Hochinteressantes Paper über Empörung und Schuld mit Implikationen für Callout-Culture, Virtue Signaling und Outrage-Memetik. Psychologen haben anhand der Beispiele „Sweatshop“ und „Klimawandel“ festgestellt, dass Menschen sich vor allem dann über Unternehmen für ihre unmoralischen Handlungen (also Sweatshops mit verwerflichen Arbeitsbedingungen in Niedriglohnländern) aufregen, wenn sie selbst auffällige Teilhabe an diesem Prozess haben (also zum Beispiel Nike-Schuhe tragen).
Die Aufregung der Leute diente in diesen Fällen zur Bestätigung ihrer eigenen „moralischen Identität“ und noch wichtiger für DasGeileNeueInternet: Die Gelegenheit, Empörung auszudrücken, führte zu einer Überhöhung der eigenen moralischen Integrität.
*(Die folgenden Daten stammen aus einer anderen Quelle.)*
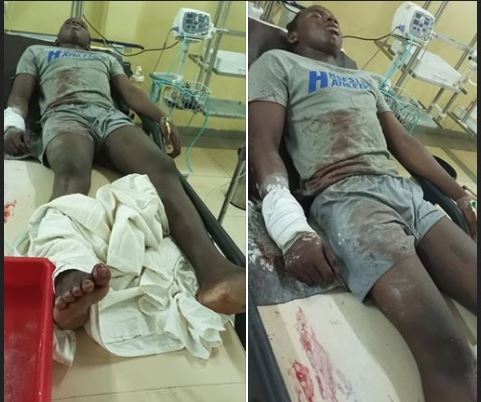 SARS officers are very cruel and in human, the officer that shot Sadiq was looking like a hoodlum, with is tattered hair style and chains hanging around his neck, if any one can help us raise the alarm until it reaches the ears that needs to hear and Justice is given to Sadiq it will be appreciated, pls help us share until it reaches the ears that need to hear... This is Sadiq's picture at the trauma Centre in National Hospital Abuja...''
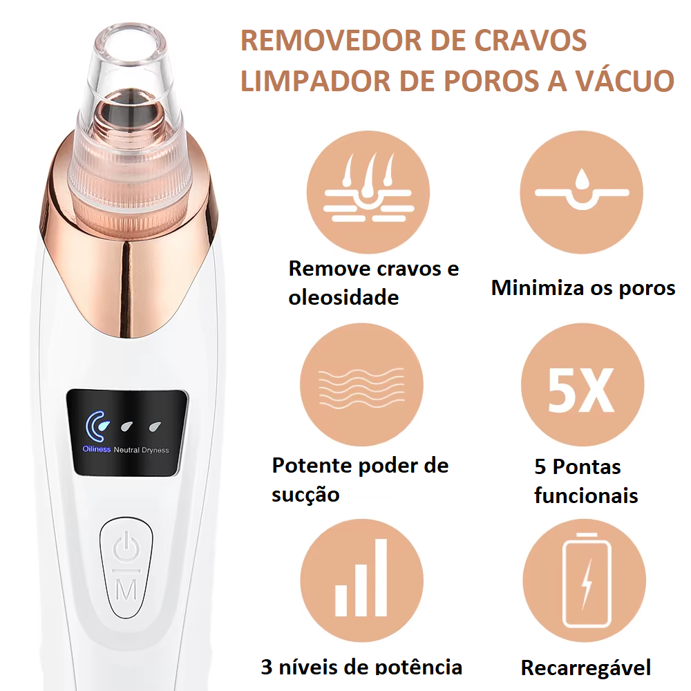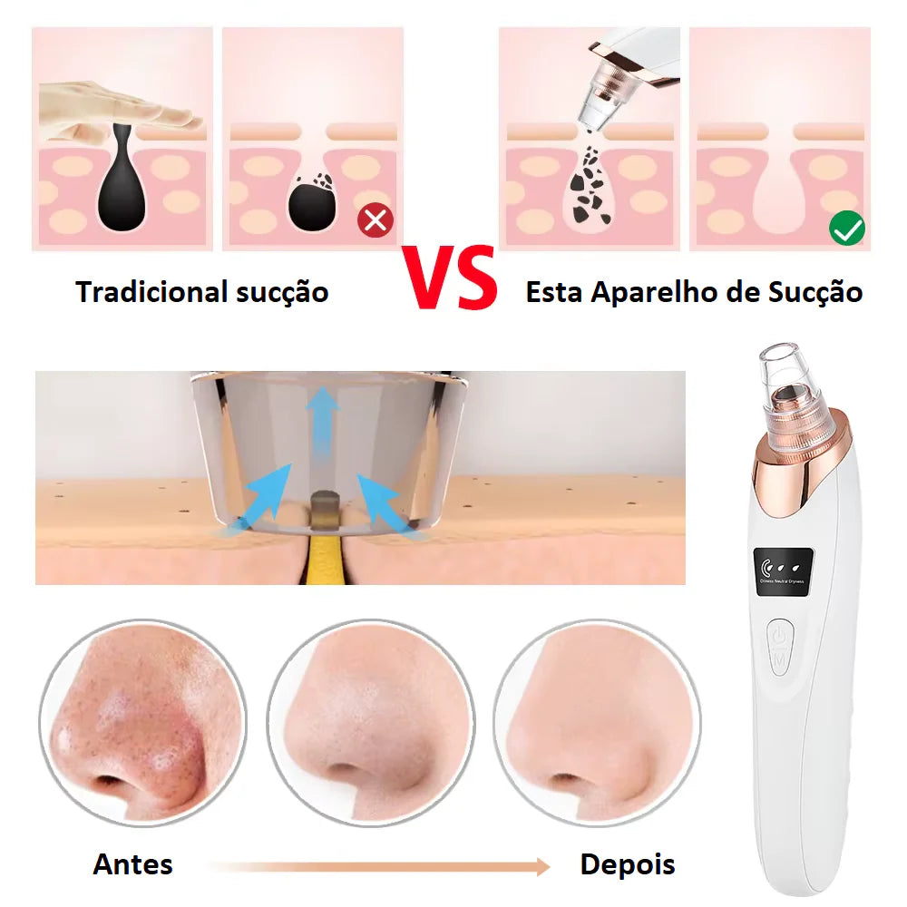 Adota tecnologia inovadora de absorção a vácuo aprimorada para uma sucção super forte que remove sem esforço cravos, espinhas, pele morta, resíduos de maquiagem, acne e pústulas sem agredir a pele, sem irritação e indolor, evitando efeitos colaterais
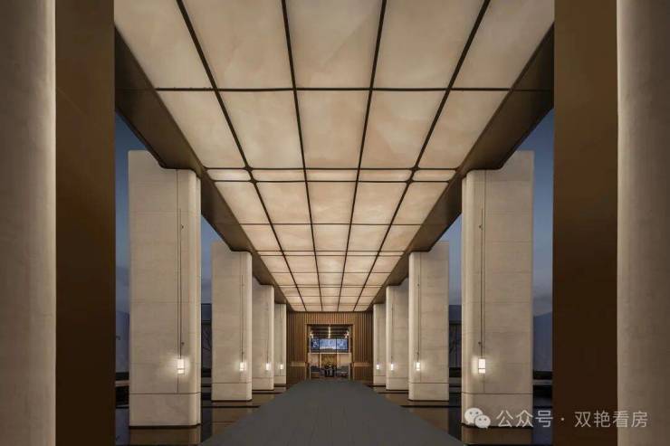 六重礼序,从门庭环岛落客的仪式,到迎宾楼的礼归,到精神游廊的情绪切换,到转换厅的空间变换,再到风雨连廊的闲庭信步,最后到酒店式入户大堂,层层递进的放松享受。
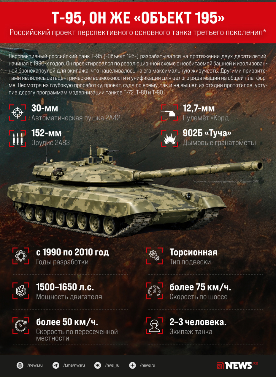 «Технические чертежи советского танка „Объект 195“ (Т-95. — NEWS.ru) пролили свет на смелую программу, призванную сохранить и упрочить преимущество страны в области качественной бронетехники в XXI веке», — пишет издание.
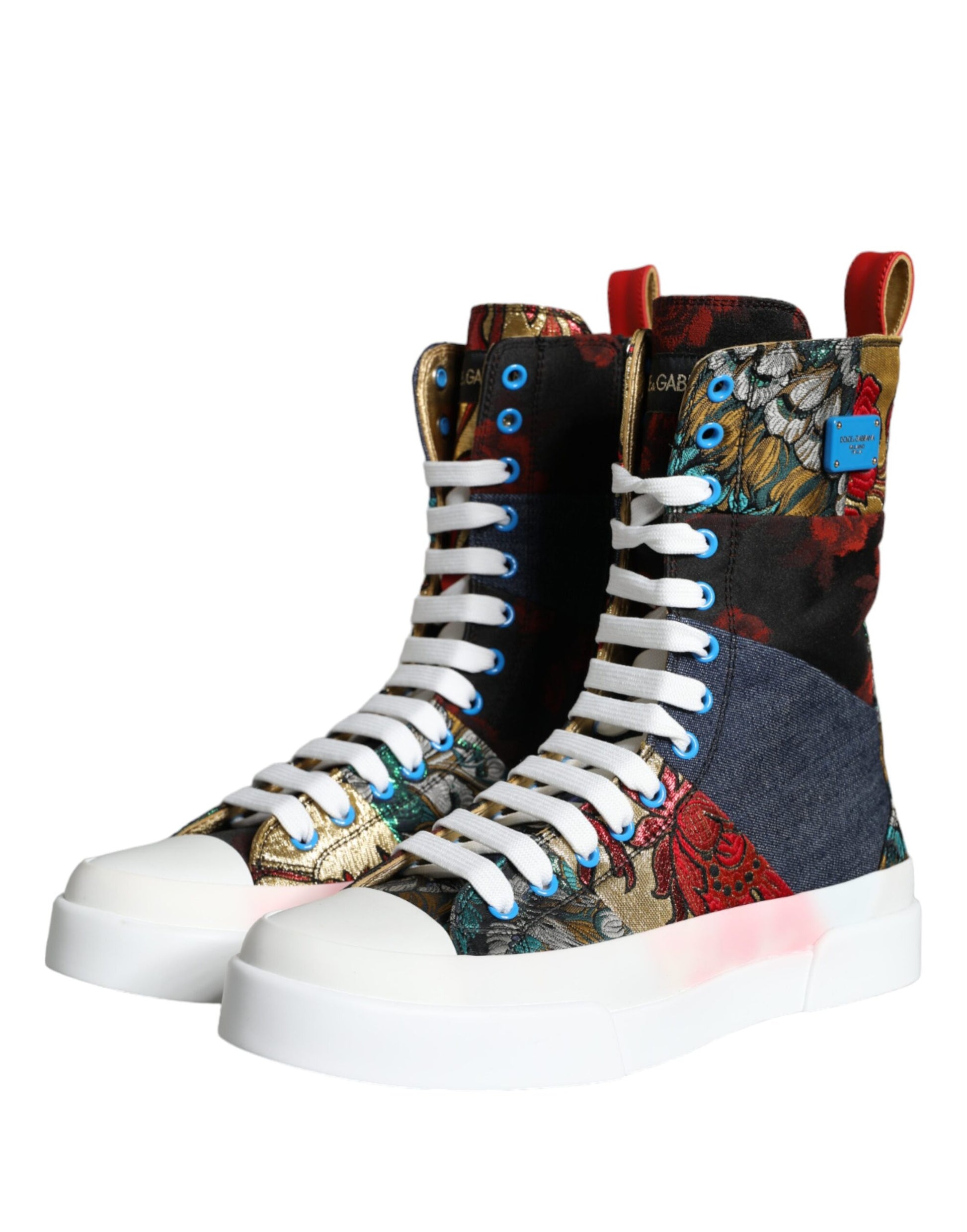 Dolce & Gabbana Multicolor Patchwork Logo High Top Sneakers Shoes

In anderen Worten: Gib Leuten ein Tool, mit dem man seiner Entrüstung sehr leicht Ausdruck verleihen kann (sagen wir mal, Social Media), und sie werden es garantiert tun, sowohl um ihre Schuldgefühle zu bekämpfen, ihre Identität zu wahren, als auch sich selbst als moralisch integerer zu fühlen.
Die Autoren der Studie legen auch nahe, dass weder die politischeh Überzeugung dabei eine Rolle spielt, noch der persönliche „general Affect“ (dt. etwa „generelles Aufregungspotential“), noch die Haltung zum abgefragten Gegenstand (Globalisierungsgegner, Nike-Hater, Klimaleugner, whatever). Das suggeriert, dass diese Ergebnisse genauso für eher unpolitische Menschen gilt, wie auch etwa für Aktivisten.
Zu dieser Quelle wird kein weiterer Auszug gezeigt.